SKOWHEGAN — The handbell ringers begin trickling into the basement of the All Saints Episcopal Church every Tuesday around 4 p.m.

Practice starts at 4:30, but there’s lots of setting up to do — moving furniture, turning on the lights, setting up music stands and card tables, and of course the set of more than two dozen bells. They chat and sip coffee as they set up — 11 women and one man ranging in age from eighth grade to “well into retirement.”

The Over the River Ringers (previously known as the Riverside Ringers) have been playing at parades, concerts and church services in Maine since the group was founded in 1962. They’ve been meeting religiously for weekly practice in the basement of the church for years simply because it’s something they love to do. But lately, they’ve also had their biggest performance ever to prepare for.

On June 29 the group will play at Carnegie Hall in New York City as part of the Gala Benefit Concert for the Saint Thomas More Chapel at Yale, a celebration honoring a new music initiative at Yale University.

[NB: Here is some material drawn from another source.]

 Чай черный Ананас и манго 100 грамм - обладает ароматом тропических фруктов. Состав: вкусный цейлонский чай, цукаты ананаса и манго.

“It’s going to be our biggest event ever,” said Gail Kelly, the group’s director. “It’s a once in a lifetime thing.”

According to the Handbell Musicians of America, there are more than 300 handbell choirs around the United States. The group hosts annual conferences every summer, and this year representatives from Carnegie Hall invited New England area conference participants to play at the gala, which takes place just a few days after the area conference concludes.

Eight of the Over the River Ringers’ 12 members will be playing in the benefit concert.

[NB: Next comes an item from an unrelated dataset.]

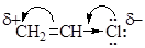 Рассмотрим химические свойства этих соединений в двух аспектах: а) влияние двойной связи на реакционную способность галогена, б) влияние галогена на реакционную способность двойной связи. Галогенпроизводные группы а) отличаются малой подвижностью галогена, что объясняется эффектом сопряжения неподеленной пары электронов галогена с электронами кратной связи, приводящее к изменению кратности связи (больше 1) С-Cl, увеличению энергии связи и уменьшению ее длины.
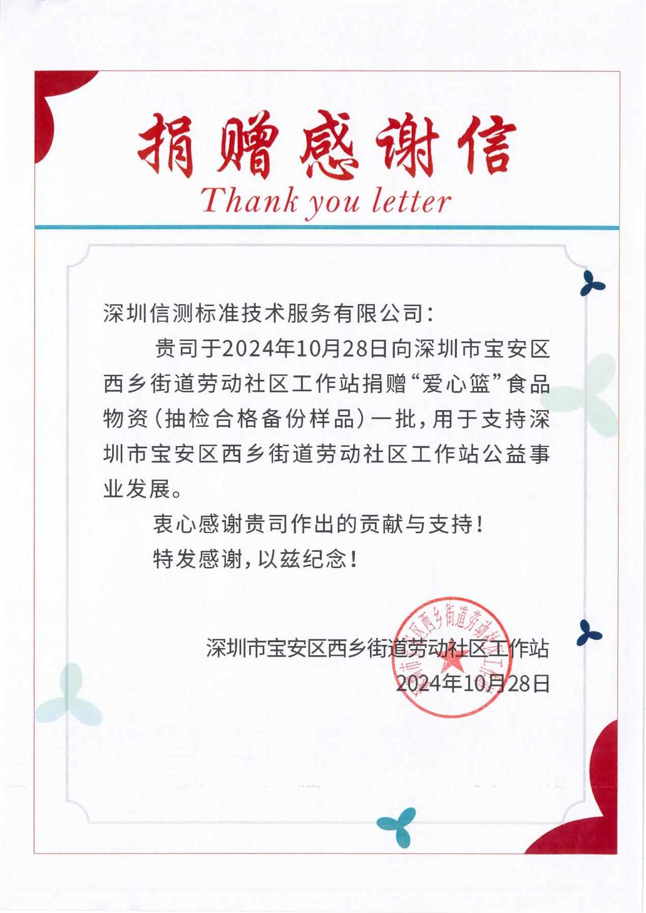 深圳市寶安區(qū)西鄉(xiāng)街道勞動社區(qū)工作站為深表謝意,特向信測標(biāo)準(zhǔn)頒發(fā)了感謝信,以此作為對信測標(biāo)準(zhǔn)慷慨捐贈的崇高敬意。

Until recently, the group was located at the Federated Church of Skowhegan, but they recently moved their practices to the basement of the Episcopal Church. They often play at church events, but they’re not limited to religious themed songs. There are 11 players, plus a director, and they each have at least two bells they are assigned to play. Each bell represents a note on the musical scale ranging four octaves.

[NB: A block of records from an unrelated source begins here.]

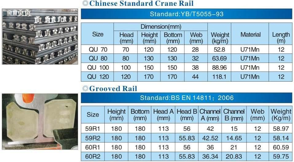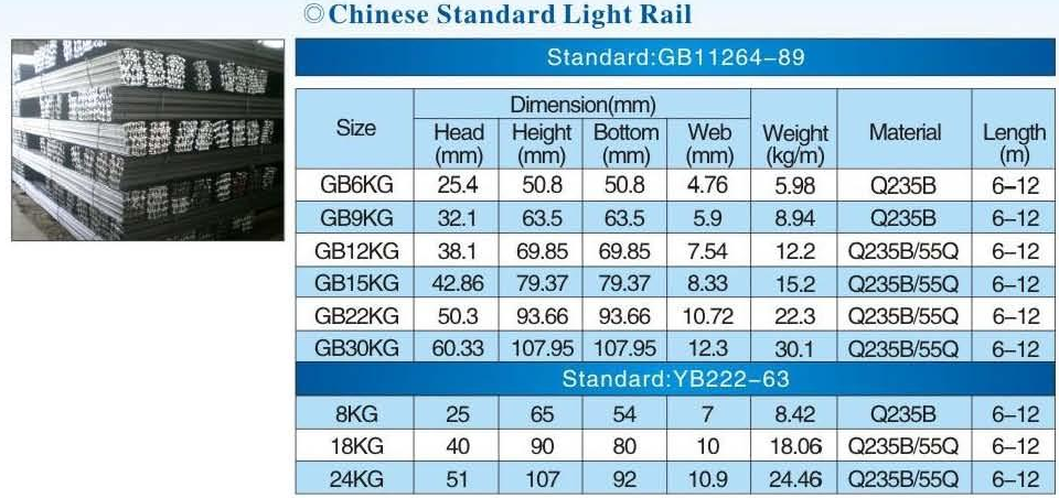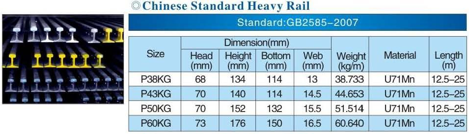 Thông số kỹ thuật của từng loại thép ray: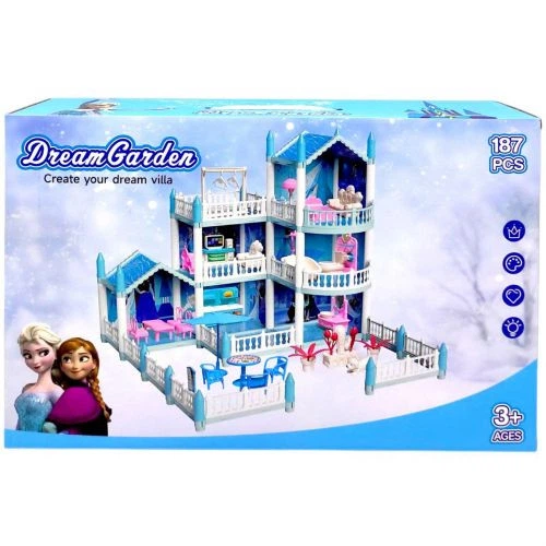 Ляльковий будиночок пластик 556-52A Будинок для ляльок 5 поверхів, лялька 10 см, тварини, меблі, світлові ефекти, рожевий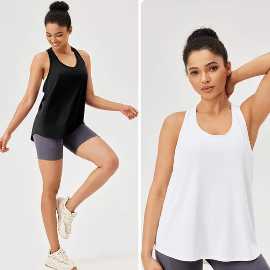 Women Summer Open-Back Yoga Vest for Loose-Fit and Moisture-Wicking Sleeveless Running Fitness Shirt

The current members say the bells weren’t hard to learn, although most of them have musical backgrounds, having played other instruments or been music teachers.

Husband and wife Elaine and Jon Loekle, of East Madison, are music teachers who also organized the Skowhegan Community Orchestra. “It’s different because you have only a certain assignment, but you have to look at the whole piece of music,” Elaine Loekle, 60, said. “You pick yours out, but you still have to pay attention. It’s like playing piano with 11 people on the bench.”

Kelly, of Cornville, is also a music teacher in SAD 54. Her daughter, 20-year-old Robin Kelly, is one of the group’s youngest players. She said she started playing the handbells in a youth handbell group when she was in fourth grade and was a substitute at first for the Ringers.

“We have turned people away, although if they are willing we do take substitutes,” said Gail Kelly, who is just the third director in the more than 50-year history of the group.

Those who join tend to stay for a long time.

“I enjoy playing the bells, but the camaraderie is the best part,” said Ann Cook, of Skowhegan.

Sara Everett of Skowhegan, a substitute for 10 years before recently becoming a full-time member in September, agreed. She said she was hesitant to join at first because of the time commitment of practices and performances and waited until her kids were out of the house.

“You don’t get out,” Everett said. “Once you’re here, you’re here for life.”